Status epilepticus - continuous or rapid sequential seizure activity for 30 minutes or more - is a medical emergency with a high mortality rate in both children and adults. Prompt and effective treatment is key; therefore the American Epilepsy Society (AES) has released a new guideline to help physicians, hospitals, and health systems treat patients effectively. The guideline is published in the January/February issue of Epilepsy Currents, the AES journal.

Each year, between 50,000 and 150,000 Americans have status epilepticus with rates of death estimated at less than 3 percent for children and up to 30 percent for adults. This guideline (Proposed Algorithm for Convulsive Status Epilepticus) focuses on convulsive status epilepticus in particular because it is the most common type of status epilepticus and is associated with substantial mortality.

"This is a valuable new guideline for both children and adults that could change the approach many clinicians take in treating these seizure emergencies," said guideline author Tracy Glauser, M.D., with Cincinnati Children's Hospital Medical Center's Comprehensive Epilepsy Center. "The goal of therapy is the rapid termination of the seizure activity to reduce neurological injuries and deaths."

Despite recognition of the need to address status epilepticus as a critical care emergency, current treatment approaches vary dramatically. Some therapies focus on reducing rather than ending the seizures and use inefficient therapies such as sedatives and paralytics or insufficient doses of anticonvulsants.

The guideline, which reviewed all available adult and pediatric evidence, provides a treatment algorithm that comprises three phases of treatment. It also offers evidence-based answers to the effectiveness, safety and tolerability questions regarding the treatment of convulsive status epilepticus.

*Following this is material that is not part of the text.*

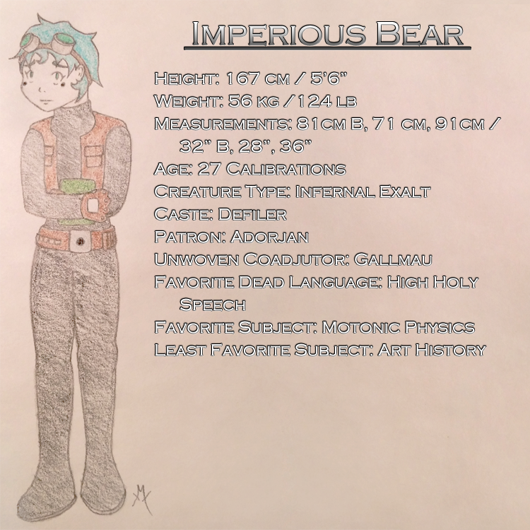 Agendas of Sky's Edge: The interests of Sky's Edge identified here include 1) fulfillment of the exquisite bride obsession (as defined by outside party The Ebon Dragon) in a timely and thorough manner, 2) avoiding further torment from the Yozi masters, 3) acquisition of wealth, status, employees, contacts and followers that 3a) may include his establishment as a captain or other principal of a trading, pirate or mercenary venture.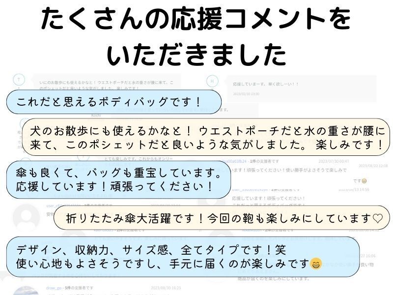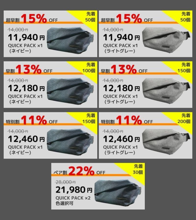 2026/03/27 12:30支援者のみなさまいつもプロジェクトの応援ありがとうございます。本日12時よりあなたのワークライフを快適にするボディバッグ「2サイズ同時の限定販売」が公開されました。【タブレット対応】QUICK PACK 11sは「大容量なコンパクトモデル」。普段タブレットや電子書籍とマイボトル程度で通勤される方に最適のサイズ。男性女性問わず“体にフィット”するサイズ感で、1,000名近い方にご愛用頂いています。一方、【A4/PC対応】QUICK PACK 15sはリュックは大きい、ショルダーでは小さい...そんなニーズに応える15インチサイズのワーカーズバッグ。ノートPCとA4の書類、充電器にマウスなど、ガジェットをまるっと持ち歩くことが多い方にピッタリ。どちらも斜め掛けでサッと掛けられ、荷物も入れやすい横長の形状。歩きや自転車での通勤にはもちろん、車や電車で荷物のつけ外しが多い方にも便利なバッグ。カジュアルすぎない、でもライトに使える。新しいバッグとフレッシュな気持ちで新年度を迎えてみませんか!?ぜひチェックしてみてください!>>【タブレット対応】QUICK PACK 11s>>【A4/PC対応】QUICK PACK 15s もっと見る

  • Stabilization phase (0-5 minutes of seizure activity), includes standard initial first aid for seizures and initial assessments and monitoring.
  • Initial therapy phase (5-20 minutes of seizure activity) when it is clear the seizure requires medical intervention, a benzodiazepine (specifically IM midazolam, IV lorazepam, or IV diazepam) is recommended as the initial therapy of choice, given its demonstrated efficacy, safety, and tolerability.
  • Second therapy phase (20-40 minutes of seizure activity) when response (or lack of response) to the initial therapy should be apparent. Reasonable options include fosphenytoin, valproic acid and levetiracetam. There is no clear evidence that any one of these options is better than the others. Because of adverse events, IV phenobarbital is a reasonable second-therapy alternative if none of the three recommended therapies are available.
  • Third therapy phase (40+minutes of seizure activity). There is no clear evidence to guide therapy in this phase. The guideline found strong evidence that initial second therapy is often less effective than initial therapy, and the third therapy is substantially less effective than initial therapy. Thus, if second therapy fails to stop the seizures, treatment considerations should include repeating second-line therapy or anesthetic doses of either thiopental, midazolam, pentobarbital, or propofol (all with continuous EEG monitoring).

The guideline also found evidence that depending on the causes or severity of the seizure, clinicians may go through the phases faster or even skip the second phase and move rapidly to the third phase, especially in sick or intensive care unit patients.

"In treating status epilepticus there is an overriding urgency to stop seizures before the 30-minute mark when seizure-associated neurologic injury can occur," said guideline coauthor Shlomo Shinnar, M.D., Ph.D., with Albert Einstein College of Medicine and Montefiore Medical Center. "This guideline supports an aggressive approach to treating status epilepticus and seeks to bring some structure to what can often be a chaotic and dire medical situation."

The guideline was endorsed by the Epilepsy Foundation, Child Neurology Society, Association of Child Neurology Nurses, American College of Emergency Physicians and American Association of Neuroscience Nurses.